The problem:
Retype, word for word, only the lines from the one containing "Parque Forestal Valdebernardo" through the last line of the listing below. Pictures do not belong in the result.

Source data:
++++++++
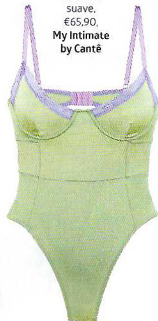
Body Hera em malha de brilho suave, €65,90, My Intimate by Cantê
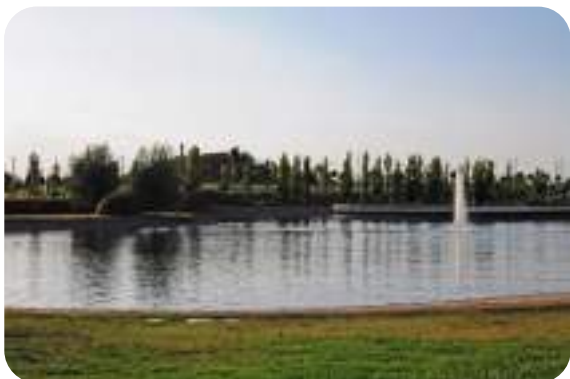
Parque Forestal Valdebernardo
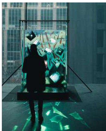
Visita al MOMA con guía oficial
++++++++
Reply:
Parque Forestal Valdebernardo
Visita al MOMA con guía oficial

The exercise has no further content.